For stable diffusion, we tested on generating the full set of 3 backgrounds and 3 objects (total of 6 images)

  • the non-Intel machine took 01:16 per song (of which 1min was taken to load the code)
  • the intel i5 machine took 01:12 per song
  • the intel i9 machine took 00:46 per song

The non-intel and intel machines had similar specs so produced similar times but the i9 machine had a much better CPU, loading the code much faster than the others.

User acceptance testing

As our product mainly focussed on user satisfaction and how easy it is for the school to use it, we spent multiple rounds on user testing with various age groups.

Round 1 - Haggerston School and Enfield Grammar School

Our initial user tests, where we collected data from 18 secondary school children using Microsoft forms.
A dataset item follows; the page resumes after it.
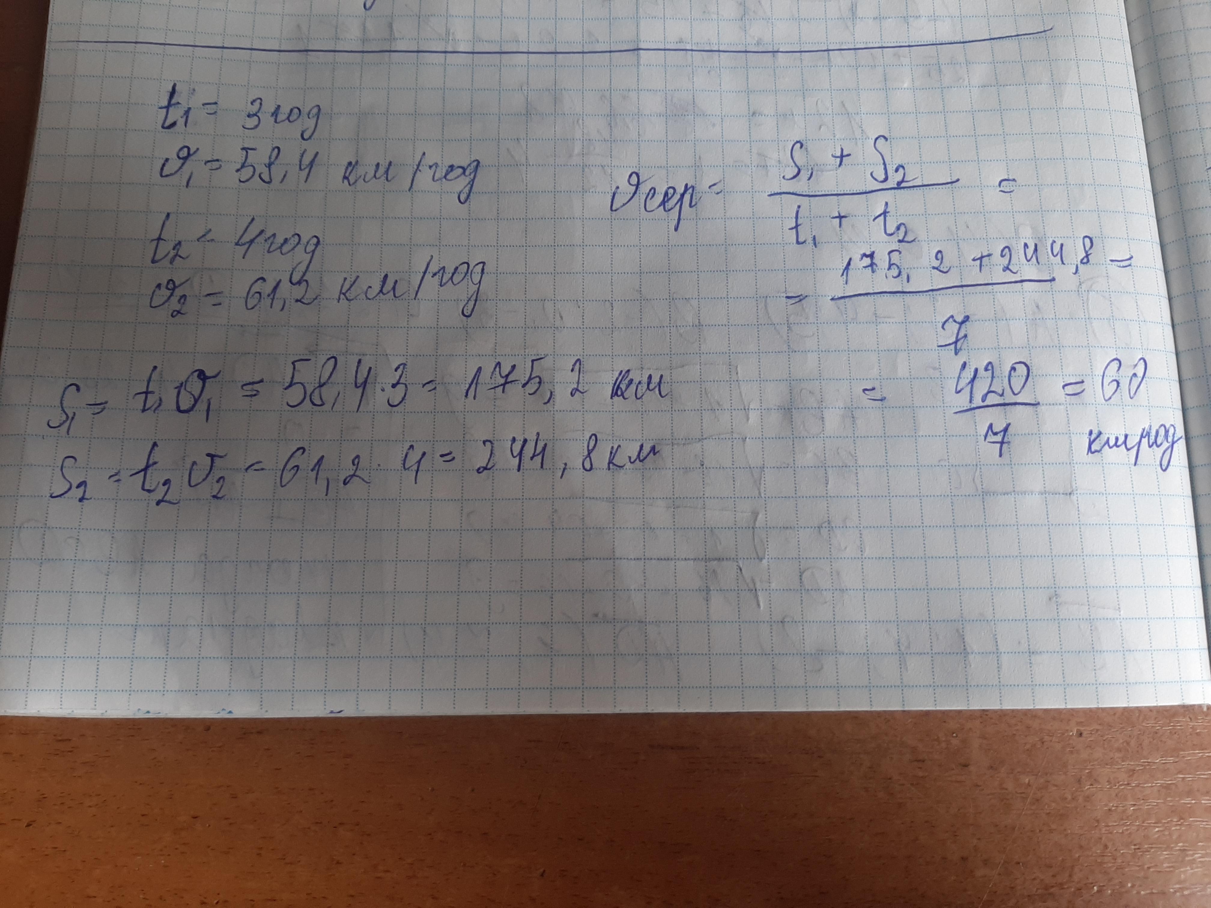 Машина їхала 3 год. Зі швидкістю 58,4 км/год і 4 год. Зі швидкістю 61,2 км/год. Знайти середню швидкість машини на всьому шляху

We have attached the graphs of the most important feedback now. Our product was still in its prototype phase and didn’t have many functionalities. However, they seemed to be attracted to the shader mode more than the particle mode, which was more visually appealing but less stimulating.

At this stage, our product was still in a prototype stage, with a very basic particle system and the shader working for one song.

From the graphs, we can see that our product was widely accepted as interesting from the students, with the majority feeling that the visuals were well timed to the song and the particles chosen by the AI matched the theme of the song. An interesting response was that the whiteboard looked plain, so we increased the max particle limit to 50 particles and particle spawn rate to 2 per second.